Just a few years ago, AI seemed like little more than a cute toy: a chatbot that simulated intelligence by constructing complete sentences in response to user prompts, but was ultimately not much more sophisticated than an advanced search engine. However, it has now proven to be an incredible tool capable of accomplishing tasks I never thought would be possible in my life.
For example, I have used AI to locate online data sets, manipulate them, perform statistical tests, and generate polished tables and graphs, accompanied by thoughtful comments about what the results mean, how they relate to academic literature, and the strengths and weaknesses of the analysis. In less than half an hour, AI can do work that would take a research assistant several days.
At times, current AI models seem almost capable of mind reading. Unlike what happens in programming or writing code, it is not necessary to specify with great precision what you are looking for, leaving no room for misinterpretation. The model will “intuit” what you are looking for and fill in the missing details (although it is best to always check them, as law firms that have submitted AI-generated briefs with fictitious quotes can attest). Or, failing that, the interface will guide you until you have clarified your query.
It’s comforting to think that AI could be a tool that helps us all be more productive and better at what we do. Without a doubt, it has made me more efficient in research. Reduces costs for entrepreneurs by providing low-priced marketing and consulting services. Allows junior customer service agents to leverage the skills and experience of more senior staff. And it allows temporary workers or artisans to provide more sophisticated and technically demanding services.

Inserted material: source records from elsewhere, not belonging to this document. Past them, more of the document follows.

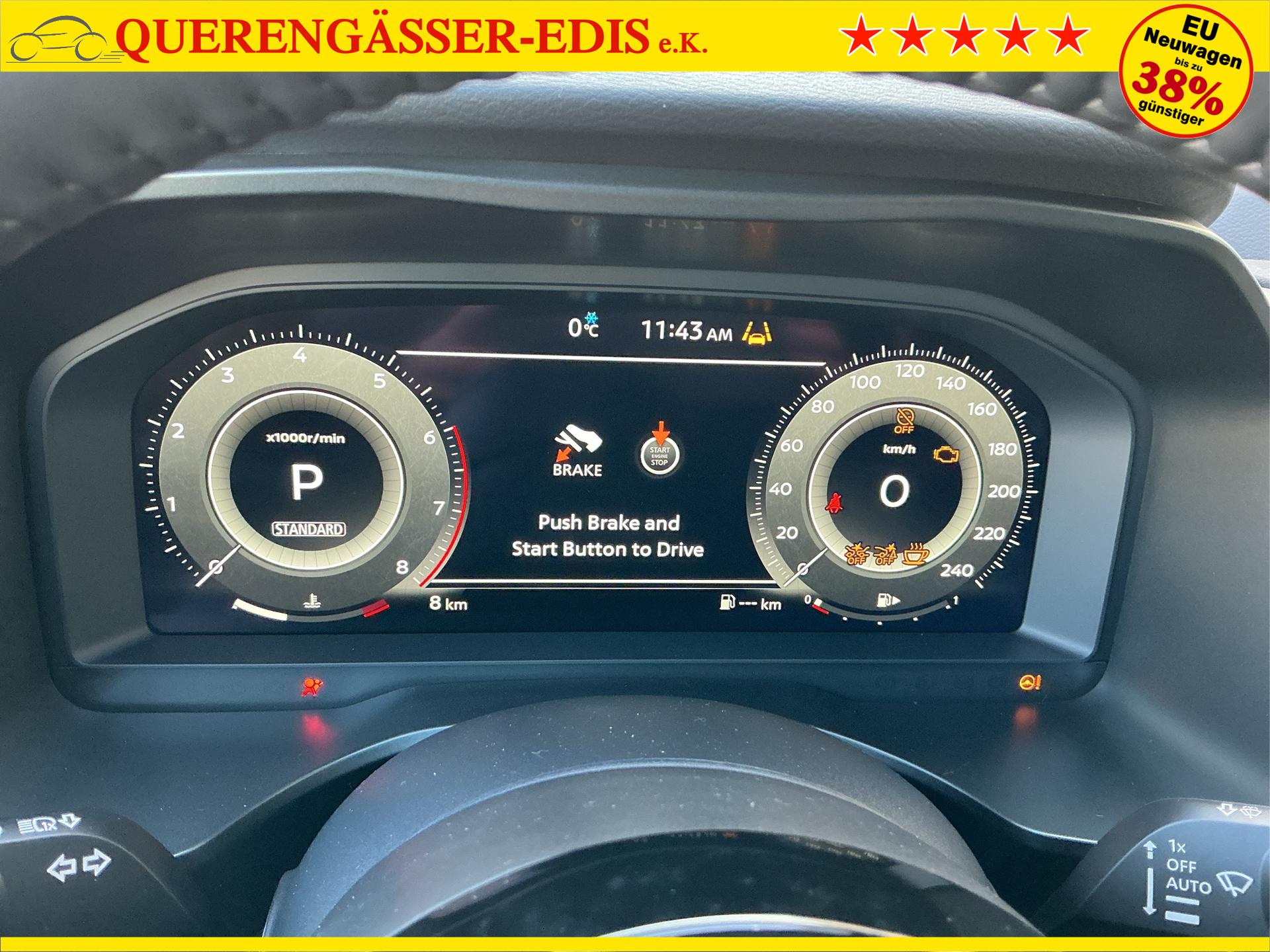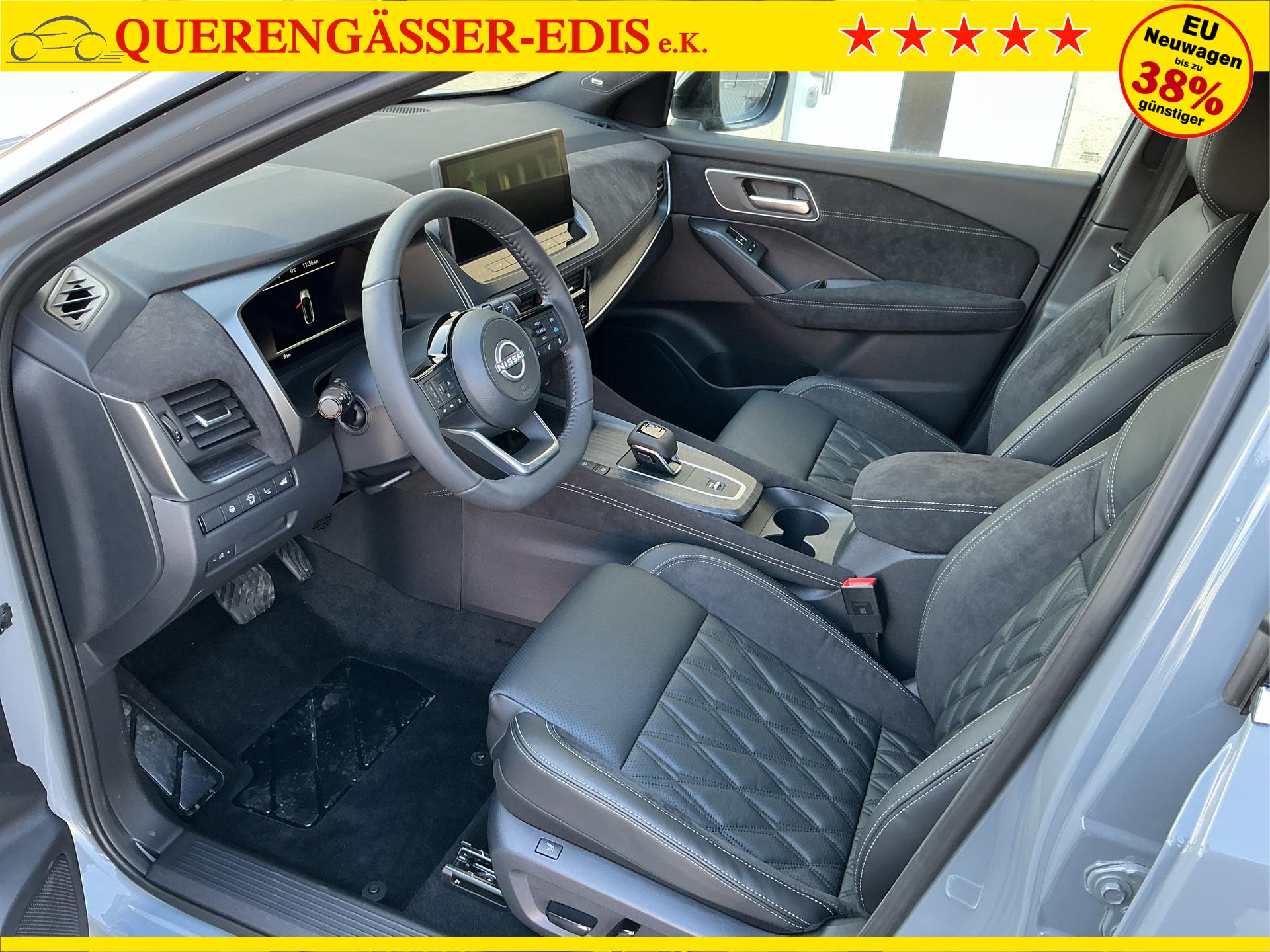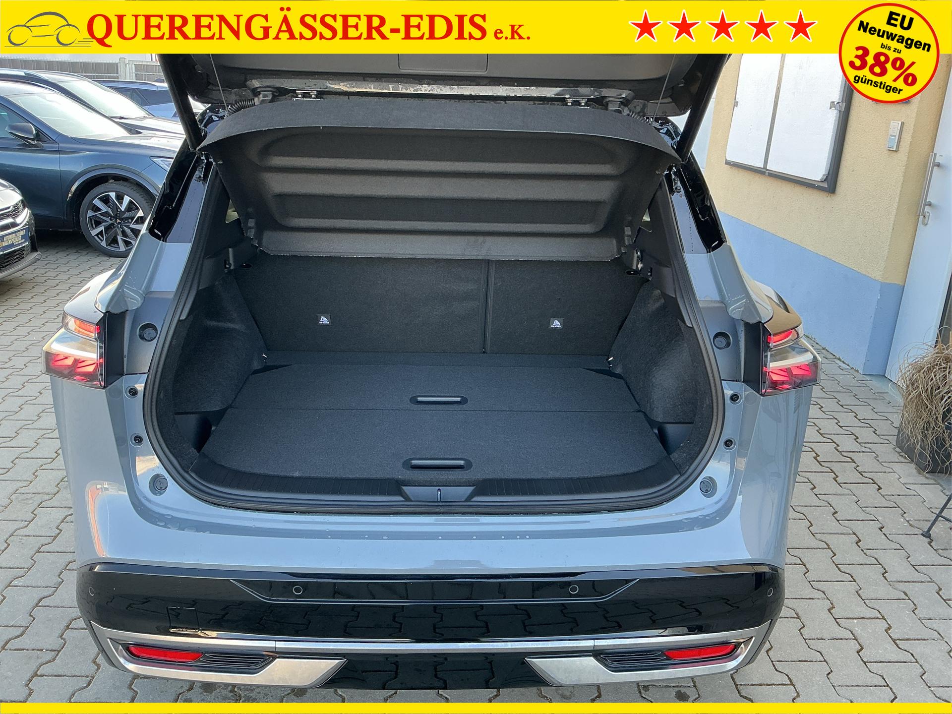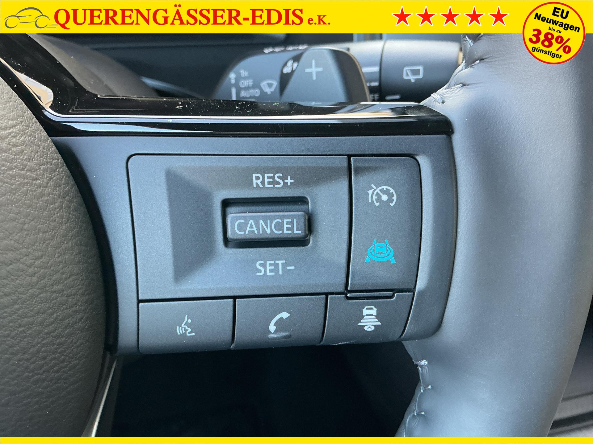 • NISSAN Fahrerassistenzsysteme › Intelligenter Adaptiver Geschwindigkeits- und Abstands-Assistent › Intelligenter Autonomer Notbrems-Assistent hinten für feststehende und sich langsam bewegende Objekte › Intelligenter Autonomer Notbrems-Assistent vorne mit Fußgänger- und Radfahrererkennung und KreuzungsAssistent › Intelligenter Frontkollisionswarnungs-Assistent › Intelligente Müdigkeitserkennung › Intelligenter Spurhalte-Assistent aktiv mit korrigierendem Bremseingriff › Querverkehrswarner, hinten › Totwinkel-Assistent aktiv mit korrigierendem Bremseingriff vorhanden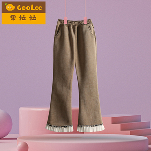 子冬 一体绒儿童裤 小香风女童加绒加厚喇叭裤 女宝宝中大童显瘦修身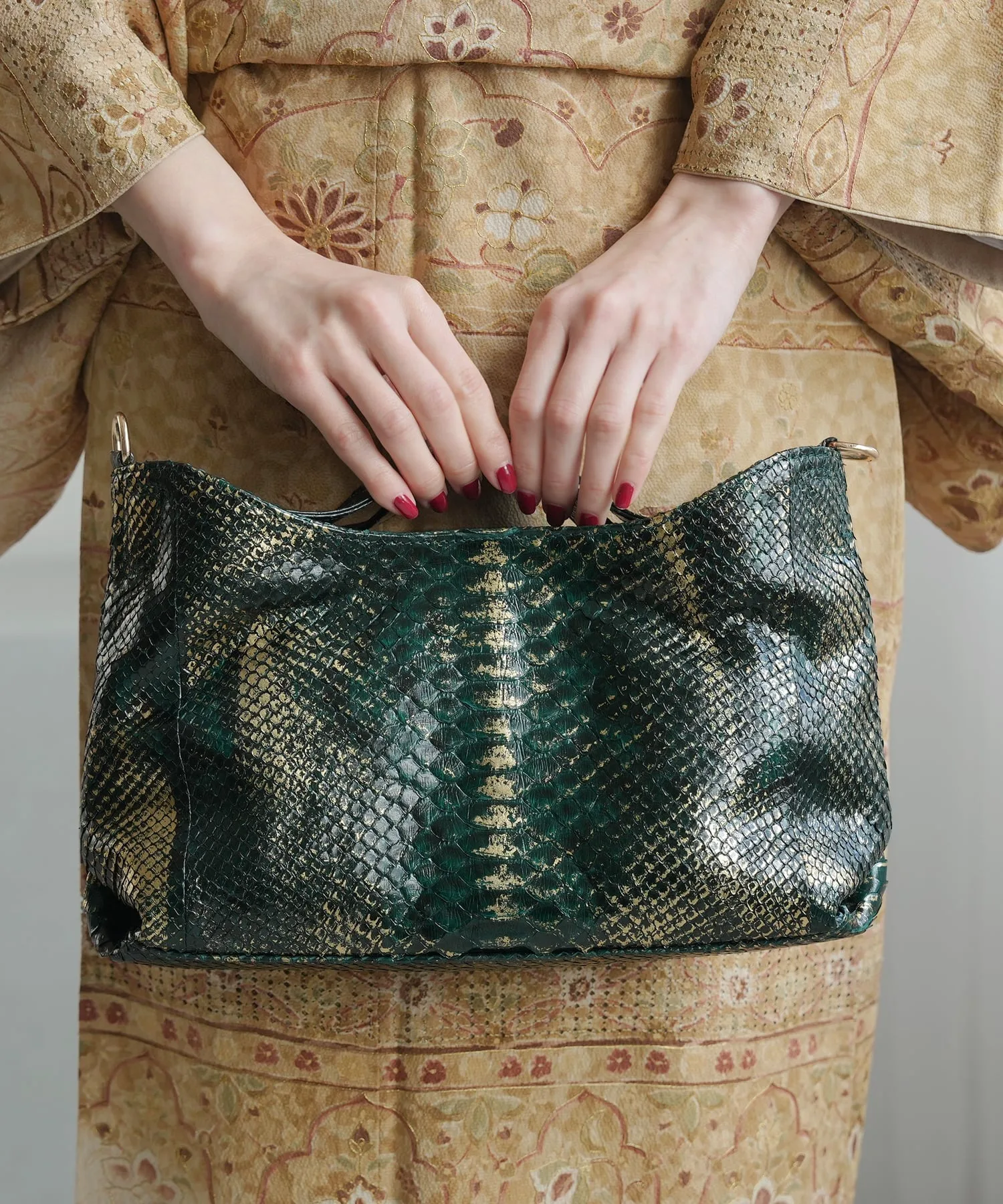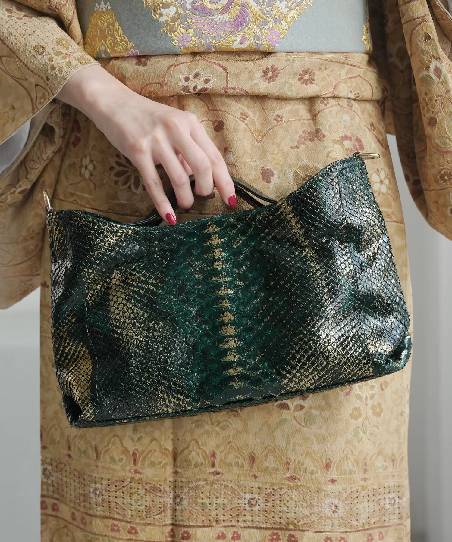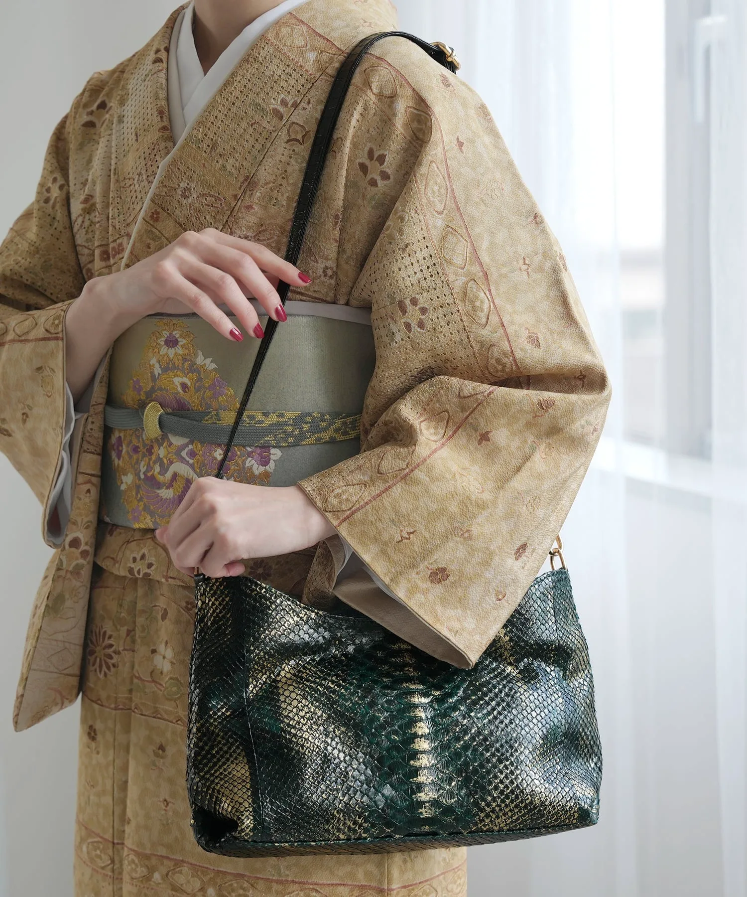 Сумка из натуральной змеиной и кобравой кожи с плечевым ремнем. Идеально подходит как для западного стиля, так и для кимоно.

Unlike many previous technologies, AI is uniquely positioned to help those with the least skills and least education: the workers at the bottom of the economy. By endowing each of us with greater capabilities, it offers advantages that are potentially more significant for those who started with greater initial disadvantages. That means it could work very differently from, say, automation, whose main goal is to replace workers on the assembly line or in sales or administrative tasks.
The concern, of course, is that AI will also do much more than that, with uncertain consequences. For now, I consider choosing and formulating research questions to be my prerogative and the main source of my competitive advantage. But at some point, I imagine being tempted to ask the AI to generate the questions itself. In fact, the AI tools I use are already encouraging me to do so. At the end of an exercise of the type I have outlined above, they kindly suggest new avenues of fruitful analysis that I might pursue.
AI replaces thinking in other, more subtle ways. It’s already shaping the way I think about existing research. It doesn’t just summarize what’s available; It also tells me how adjacent research relates to my work and how I should approach it. It makes connections between different parts of the literature that hadn’t occurred to me.
Therein lies the greatest danger. The public debate about the impact of AI on society largely focuses on the potential displacement of workers and job losses. But an even greater risk is the displacement of human thought. When we let AI do the work of thinking for us, we cross an important threshold. Our collective ability to think degrades, as does our incentive to learn to think. And since the line between applying thinking to a problem and thinking itself is already blurred, it is easily crossed.
In an interesting recent paper, Daron Acemoglu, Dingwen Kong, and Asuman Ozdaglar of MIT formalize an intuition about how such cognitive downloading can produce catastrophic results. They wonder what happens when AI models become very good at providing the kind of context-specific knowledge that can help people perform whatever particular task they are engaged in. Those results would allow people to achieve better results, even with less learning.
But there is a problem here, because knowledge has an important externality. By thinking about how to solve my problem, I also contribute to the general body of knowledge about how others can solve theirs. When I invest less in my own learning, the overall body of knowledge suffers. In the extreme and dystopian case, general knowledge disappears completely.
Admittedly, for now this is only a theoretical possibility and, depending on what is assumed about the strength of the opposing effects, better results are also possible. But the danger is real. When we allow AI to learn and think for us, we degrade our own human capabilities and risk destroying the knowledge base that underpins AI itself.
Addressing these issues will require the development of social and professional norms around the appropriate use of AI. For example, researchers may need to include detailed information about how they have used AI—a process that AI tools themselves could automate—and publishing and promotion decisions may be heavily weighted toward products of the human mind. Organizations like the Partnership on AI can help develop and disseminate general principles. We will also need new forms of government regulation, as virtually every new technology has required.
A necessary condition for such solutions is a new way of thinking about AI. Above all, public discourse needs a different approach. The question we should be debating is not what AI will do to us, but what we want it to do for us.
Dani Rodrik, professor of International Political Economy at the Harvard Kennedy School, is former president of the International Economic Association and author of Shared Prosperity in a Fractured World: A New Economics for the Middle Class, the Global Poor, and Our Climate (Princeton University Press, 2025).